While this memo is primarily an update to the IP protocol
specification [11], it also peripherally affects a number of other
specifications. This appendix describes those peripheral effects.
This information is included in an appendix rather than in the main
body of the document because most if not all of these other
specifications will be updated in the future. As that happens, the
information included in this appendix will become obsolete.

A.1 RFC-792 (ICMP)

RFC-792 [12] defines a set of codes indicating reasons why a
destination is unreachable. This memo describes the use of two
additional codes:

11 -- network unreachable for type of service
12 -- host unreachable for type of service

These codes were defined in RFC-1122 [1] but were not included in
RFC-792.

A.2 RFC-1060 (Assigned Numbers)

RFC-1060 [15] describes the old interpretation of the TOS field
(as three independent bits, with no way to specify that monetary
cost should be minimized). Although it is likely obvious how the
values in RFC-1060 ought to be interpreted in light of this memo,
the information from that RFC is reproduced here.
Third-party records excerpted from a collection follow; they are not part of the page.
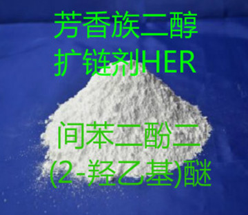 HER,間苯二酚二(2-羥乙基)醚是一種對稱的芳香族二醇擴鏈劑,它與MDI有著良好的配伍性。廣泛應(yīng)用于混煉型、澆注型、熱塑型的PU彈性體制品。這種材料已經(jīng)被證實能夠較大限度地維持彈性體的持久性、彈性和可塑性,并把收縮性限制到較小,沒有污染。同時,該材料除具有芳香族擴鏈的優(yōu)點外,還避免了HQEE在稍微降溫情況下迅速結(jié)晶現(xiàn)象的不足,提供了更好的可塑性、撕裂強度、初始強度、邵氏硬度、壓縮變形、斷裂變形以及低收縮性、抗切割、柔韌性好、防滲透性、熔點低
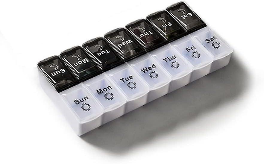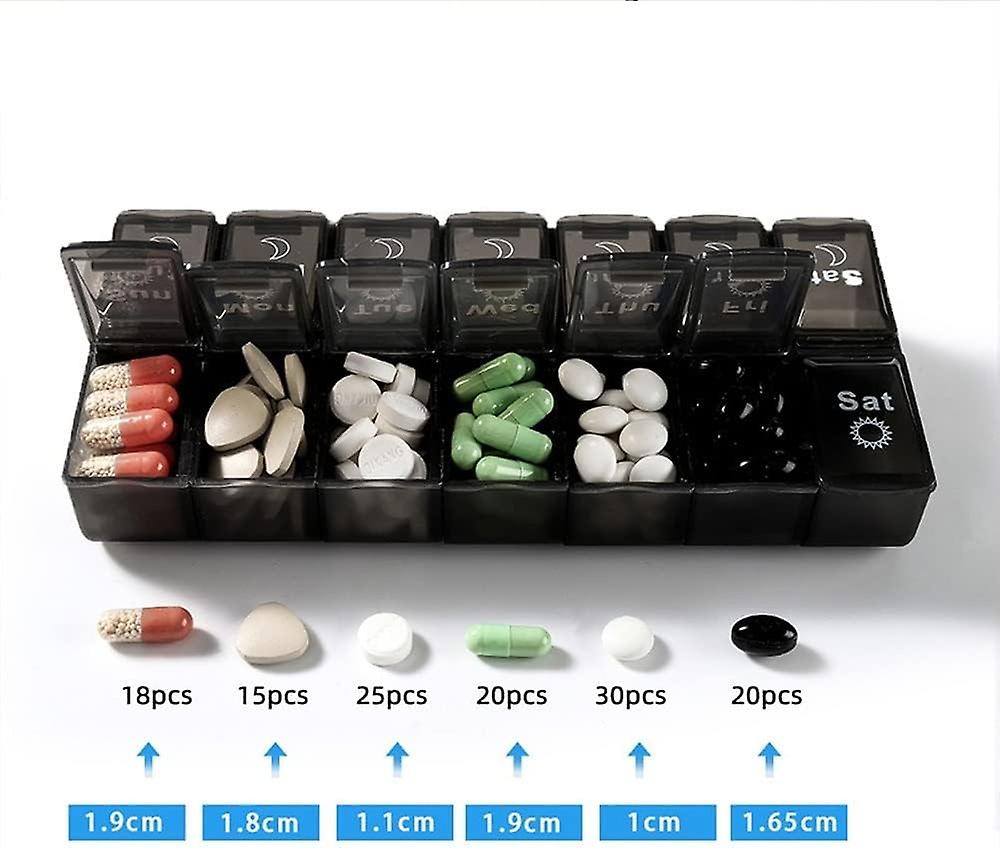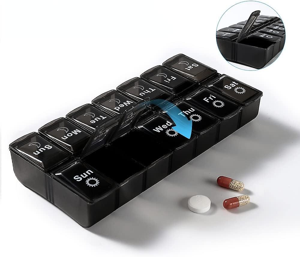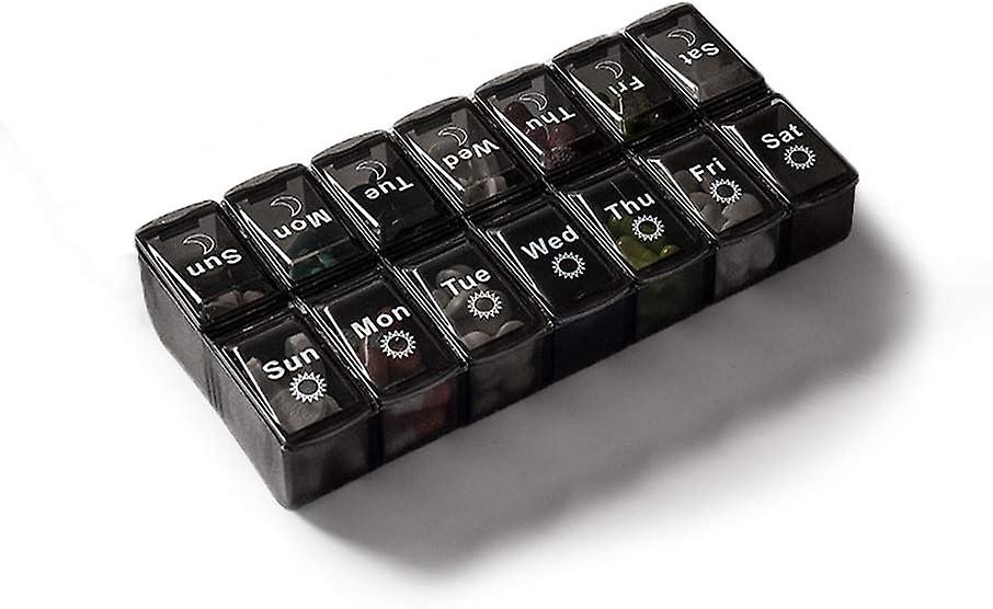 Day Medicine Box - 7 Compartments - 2 Compartments - Medicine Box - Easy Open - 14 Compartments - Weekly Division (all Black)
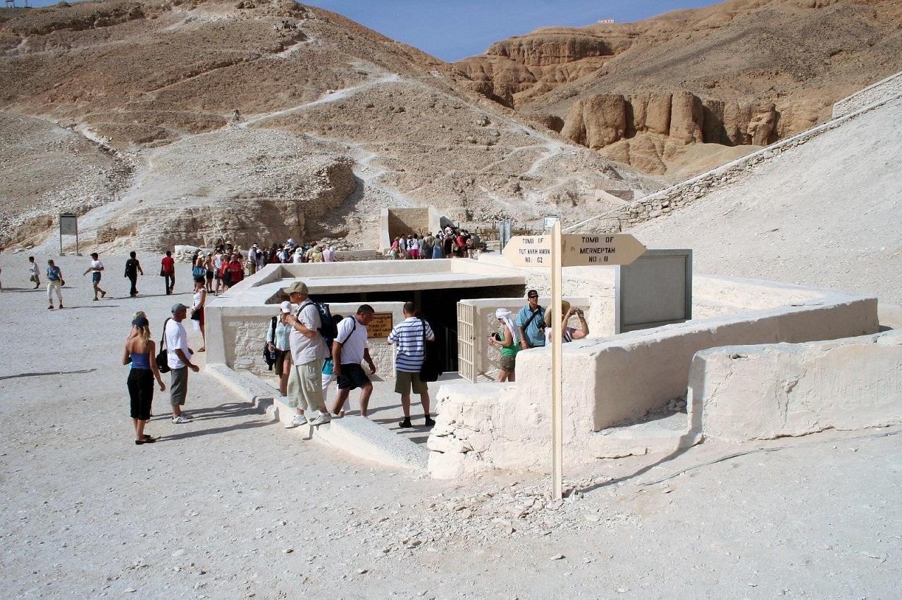 King Tut’s tomb, designated KV62, is situated in the eastern branch of the Valley of the Kings, positioned between the tombs of Rameses II and Rameses IV.

The only actual
changes are for ICMP (to conform to Section 5.1 of this memo) and
NNTP:

----- Type-of-Service Value -----

Protocol TOS Value

TELNET (1) 1000 (minimize delay)

FTP
Control 1000 (minimize delay)
Data (2) 0100 (maximize throughput)

TFTP 1000 (minimize delay)

SMTP (3)
Command phase 1000 (minimize delay)
DATA phase 0100 (maximize throughput)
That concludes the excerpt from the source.